If undiagnosed and untreated for a long time, HIV infection can trigger off a dormant virus called cytomegalovirus (CMV), which can lead to blindness. Cytomegalovirus is the most common cause of blindness in people who have HIV.

Mpumi Mevana has been living with HIV for 12 years now, after having been diagnosed in November 1999. While living with the infection, she also became blind – six years after her diagnosis. Mpumi became totally blind due to Aids-related cytomegalovirus retinitis on the day on which she was supposed to be celebrating.

“In 2006, on my birthday, June 16th, I became blind. And when I got blind they told me that I have CMV. I had never heard of that thing then. I lived with that, thinking that one day I will open my eyes and I’ll be able to see. But years went by, I could not see, I couldn’t change anything about my life. Instead, I got worse and worse.

I became so worse to an extent that I had to start ARVs as soon as possible. When I started ARVs my immune system was very weak. My CD 4 count was 29 and my viral load was four million”, Mpumi recalls.

Doctors treating eye conditions 

Dr Linda Visser, the academic head of the Department of Ophthalmology at the University of KwaZulu-Natal, has been treating eye conditions in HIV-positive people since 1999. She says cytomegalovirus retinitis affects the retina, the neural tissue of the eye. If the tissue is damaged, it cannot be re-generated. However, if the part of the retina that is responsible for vision is not affected, the condition can be treated.

“They get necrosis of the retina, which is the white area. And the macular is the centre of the retina and once your macular has become necrotic, you cannot see. There’s nothing one can do to bring it back. Luckily, not in all patients will the centre of the retina be involved. Sometimes it’s on the periphery. Then, we can treat it”, says Dr Visser. 

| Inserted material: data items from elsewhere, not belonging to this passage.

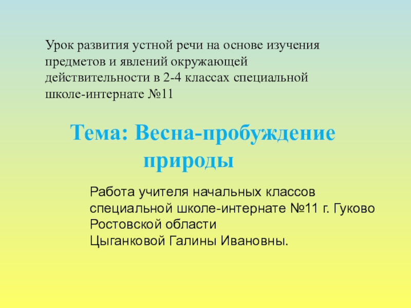 Урок развития устной речи на основе изучения предметов и явлений окружающей действительности в 2-4 классах специальной школе-интернате №11
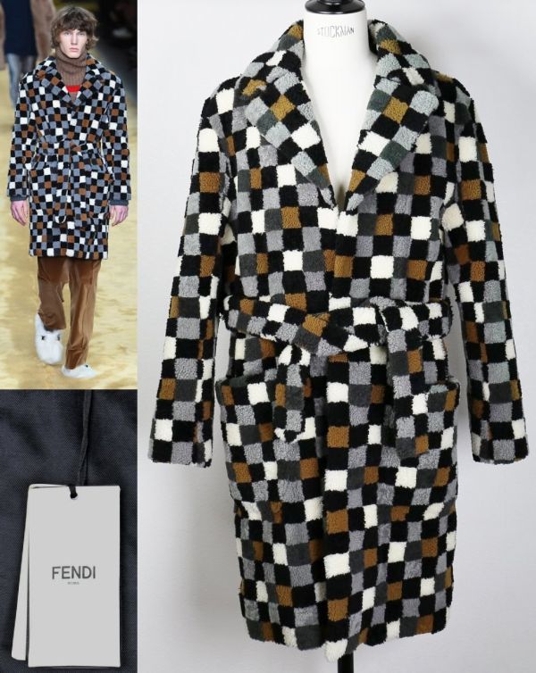 - 16AW 定価213万 FENDI フェンディ パッチワーク ムートン ベルト コート 48 multi color shearing coat b6264
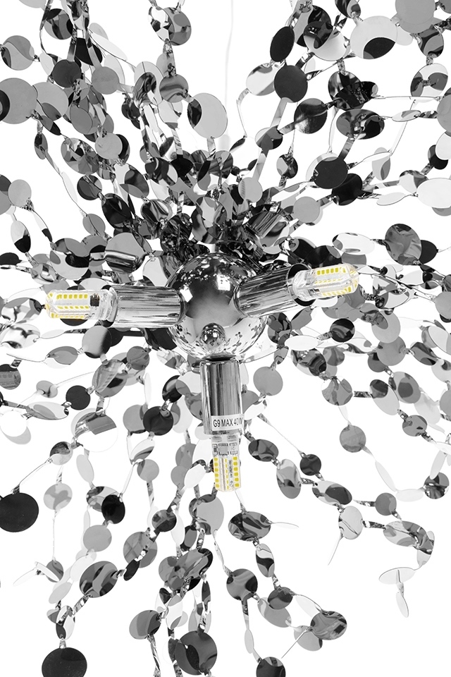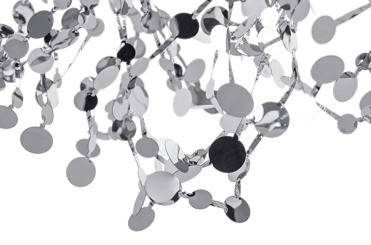 Lampa wisząca Monete chromowana. Wyjątkowo ciekawa lampa która przykuwa uwagę i pobudza kreatywność. Konstrukcja lampy wykonana została z chromowanego metalu. Klosz przypominający swoim wyglądem, garści monet podrzuconych do góry. Został zawieszony na transparentnym przewodzie i podsufitce w kolorze lampy. Lampy z kolekcji Monete będą świetnym dodatkiem nad stołem w jadalni lub ekstrawaganckim elementem salonu. Światło: 3 x G9 max. 40 W (brak w zestawie) Oprawa: wys. 200 cm / szer. 40 cm / gł. 40 cm Klosz: śr. 40 cm Mocowanie: wys. 3,5 cm / śr. 10 cm Montaż: instalacja sufitowa Wymiary opakowania: 32 cm / 32 cm / 25 cm.
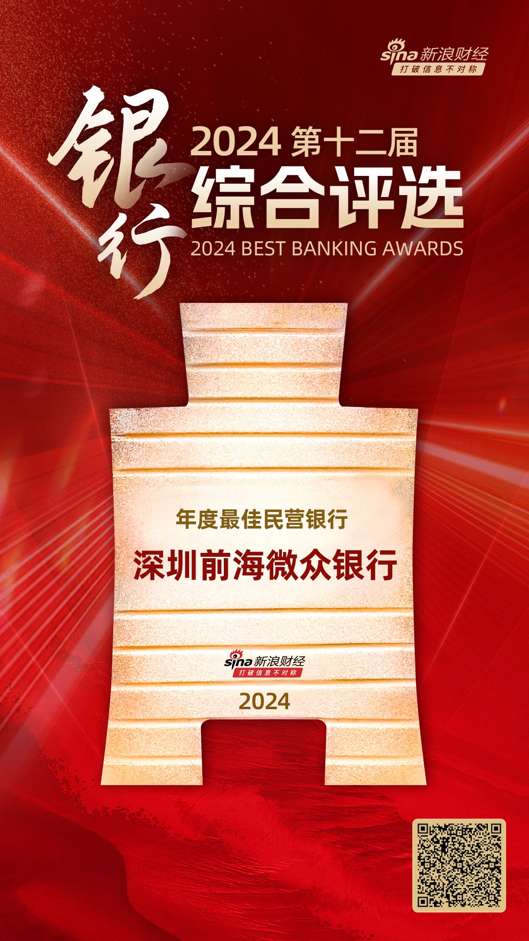 1月23日金融一线消息,由新浪财经主办的“2024(第十二届)银行综合评选”活动获奖名单今日正式揭晓!深圳前海微众银行获评“年度最佳民营银行”。
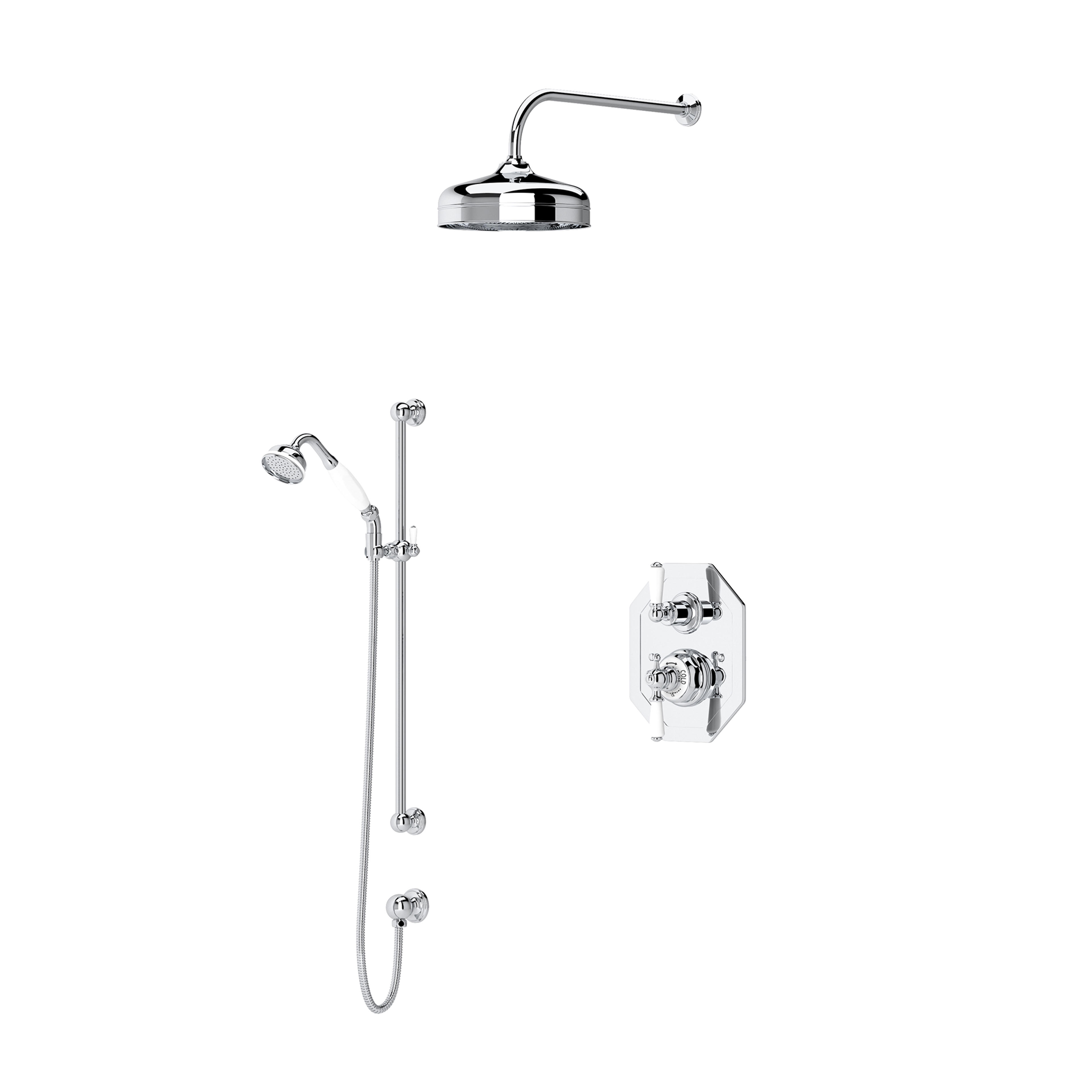 Il set doccia Traditional 2 con maniglie a leva è una delle configurazioni doccia consigliate per la collezione Traditional e comprende i seguenti componenti:
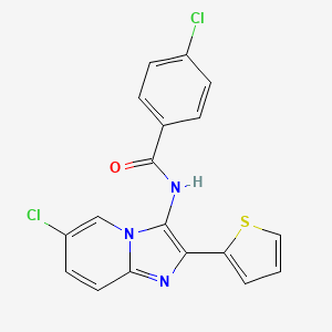 4-chloro-N-[6-chloro-2-(thiophen-2-yl)imidazo[1,2-a]pyridin-3-yl]benzamide
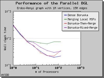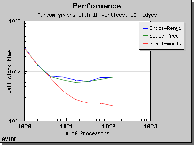 The following charts illustrate the performance of this algorithm on various random graphs. We see that the algorithm scales well up to 64 or 128 processors, depending on the type of graph, for dense graphs. However, for sparse graphs performance tapers off as the number of processors surpases m/n, i.e., the average degree (which is 30 for this graph). This behavior is expected from the algorithm.
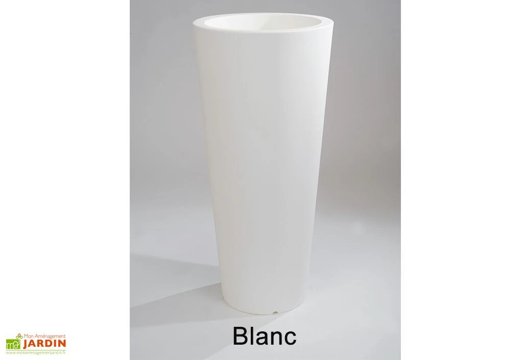 Le pot de fleurs Hydra en polyéthylène rotomoulé de chez Farmet New s’installe à l’extérieur. Ce très grand pot mesure 85 cm de hauteur et 39 cm de diamètre pour une contenance de 26 litres. Il est disponible en plusieurs coloris.
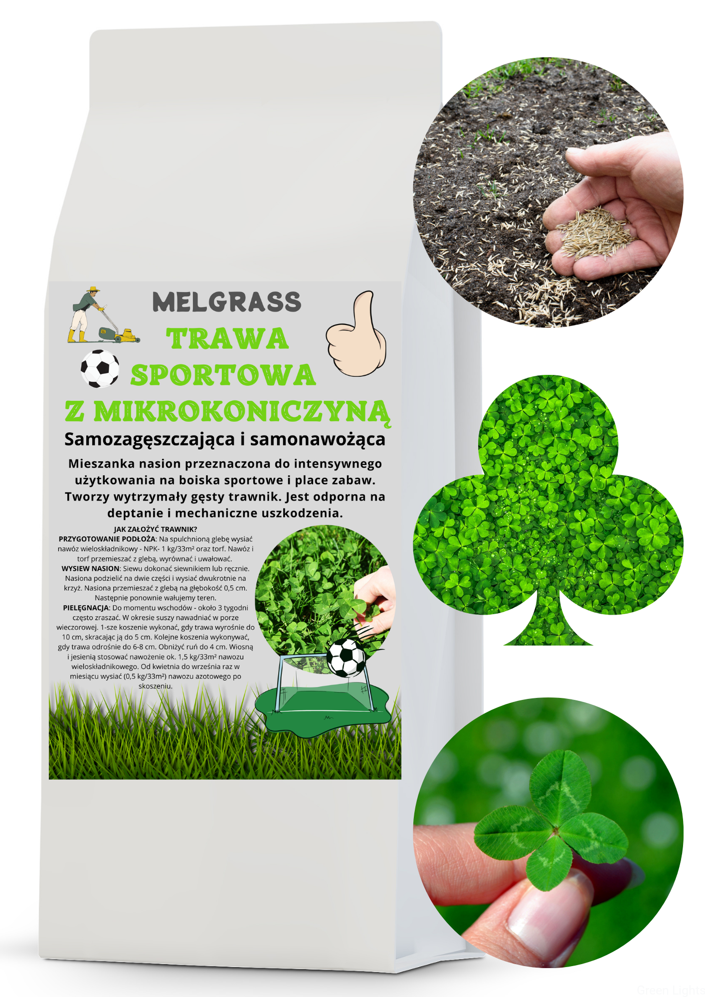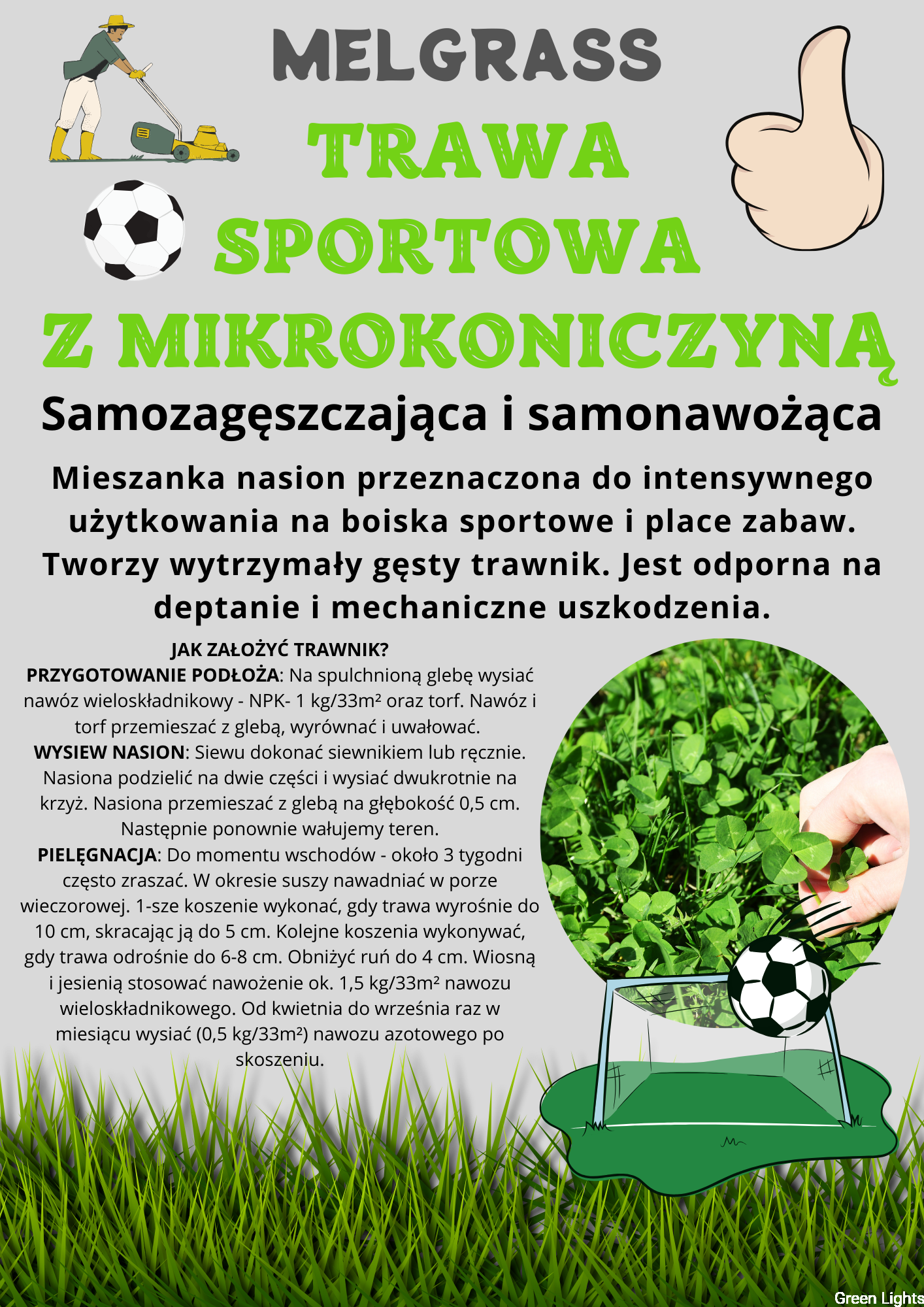 Trawa sportowa z mikrokoniczyną o szerokim zastosowaniu oraz wysokiej odporności na zmienne warunki atmosferyczne. Trawa Melgrass charakteryzuje się intensywnością krzewienia, wzrostem oraz wysoką odpornością na uszkodzenia mechaniczne. Mieszanka skomponowana aby trawnik był reprezentatywny, gęsty i cieszył oko właściciela :)
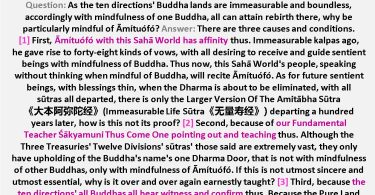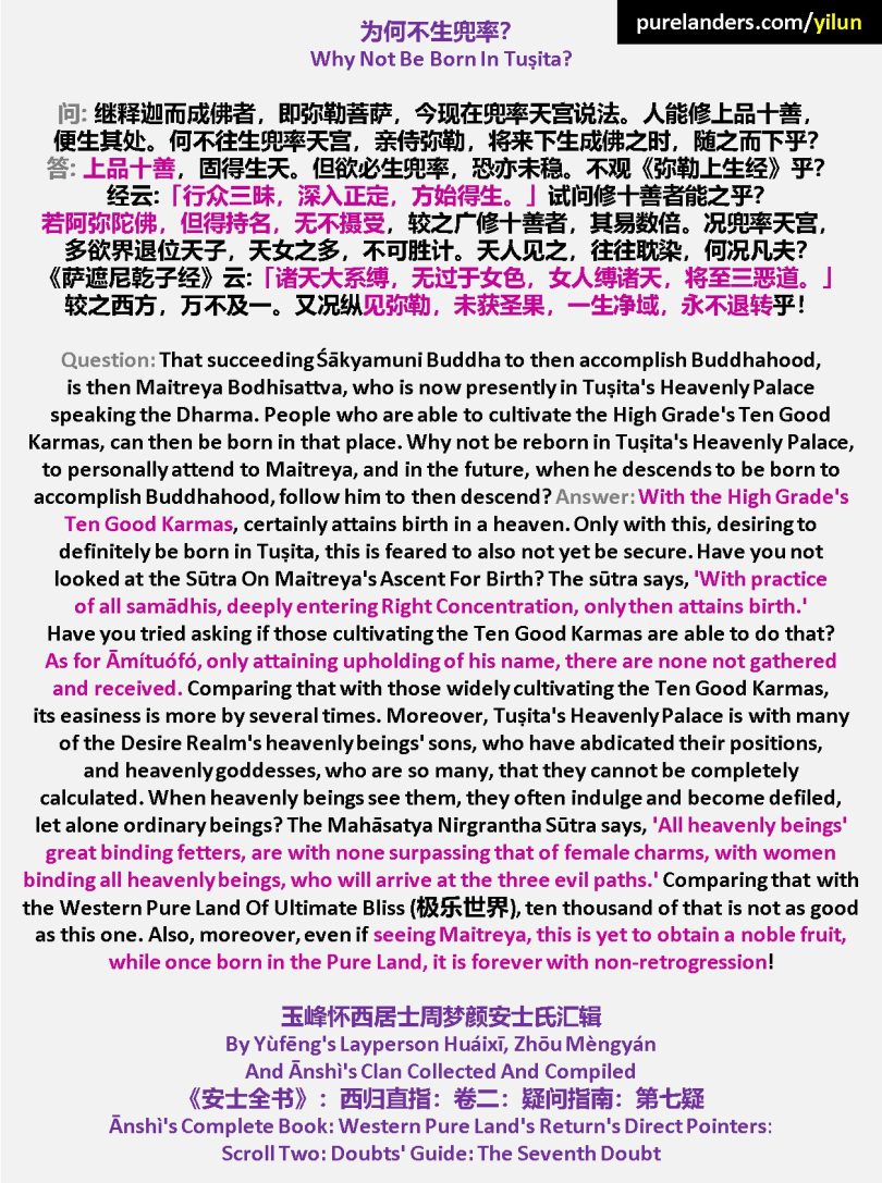 Question: That succeeding Śākya[muni Buddha to] then accomplish Buddhahood, [is] then Maitreya Bodhisattva, [who is] now presently in Tuṣita’s Heavenly Palace speaking [the] Dharma. People [who are] able [to] cultivate [the] High Grade’s Ten Good [Karmas (十善业), can] then [be] born [in] that place. Why not [be] reborn [in] Tuṣita’s Heavenly Palace, [to] personally attend [to] Maitreya, [and in the] future, when he descends [to be] born [to] accomplish Buddhahood, follow him [to] then descend?
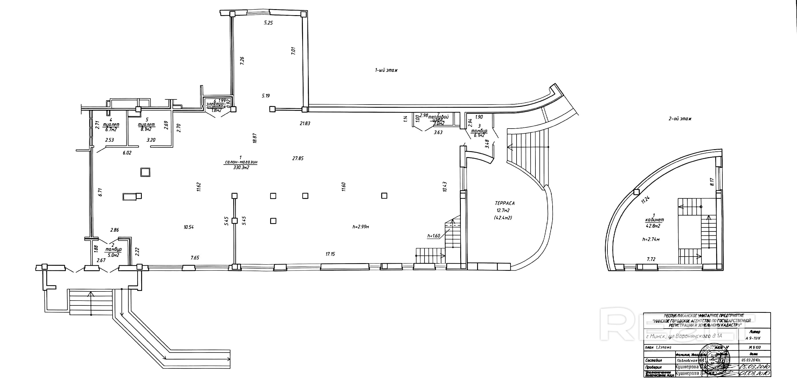 Помещение 403,8 - это большой торговый зал и кабинет на 2-м этаже 42,8 м.кв.
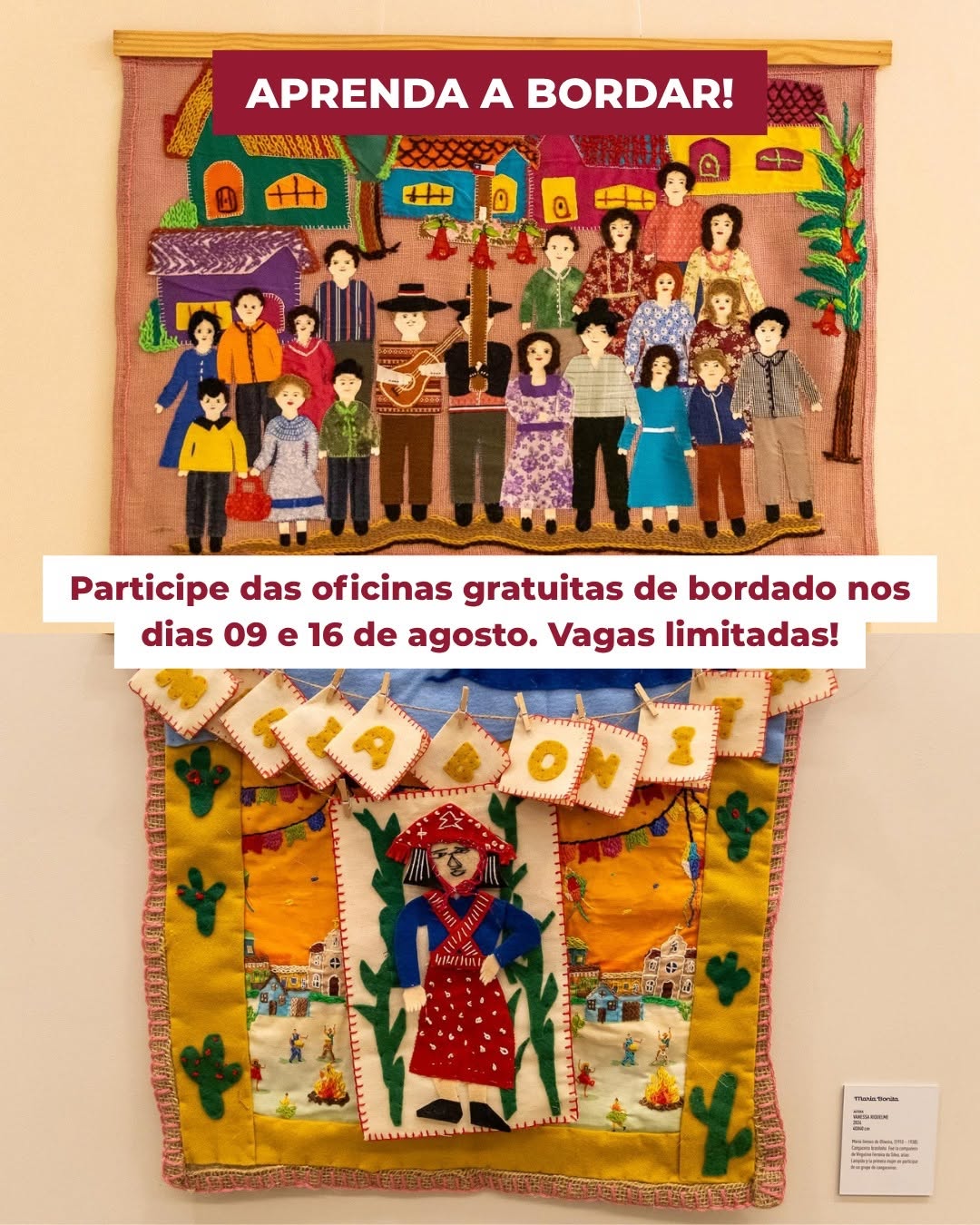 ✂️ Oficinas de bordado gratuitas durante o período da mostra

Dr Visser says about 75% of HIV-infected people will experience some form of eye problem, while about 10% will go totally blind in one or both eyes. She says blindness in immune-compromised people, such as Mpumi whose system was battered by Aids, is most commonly caused by a viral infection called cytomegalovirus, which normally thrives on a weakened immune system.

“It is actually only seen in patients who are in immune-compromised. We never see it in immune-competent patients. And because in our set-up, HIV is the most common cause for immune suppression, we see it probably 95% or even more in HIV-positive patients. But I have seen it in patients who have had transplants and I have seen it in patients with leukaemia and other cancers”.

HIV positive people being untreated

She says in HIV-infected people, the infection manifests when they’ve left their condition for too long without having it treated and their CD 4 counts have fallen to dangerous levels.

“It’s usually when your CD 4 count is very low. Books would say less than 50 or less than 100. I stand here and tell you in the majority of cases, it’s less than 10 – single digit CD 4s most commonly are presenting to me still today in this day and age”.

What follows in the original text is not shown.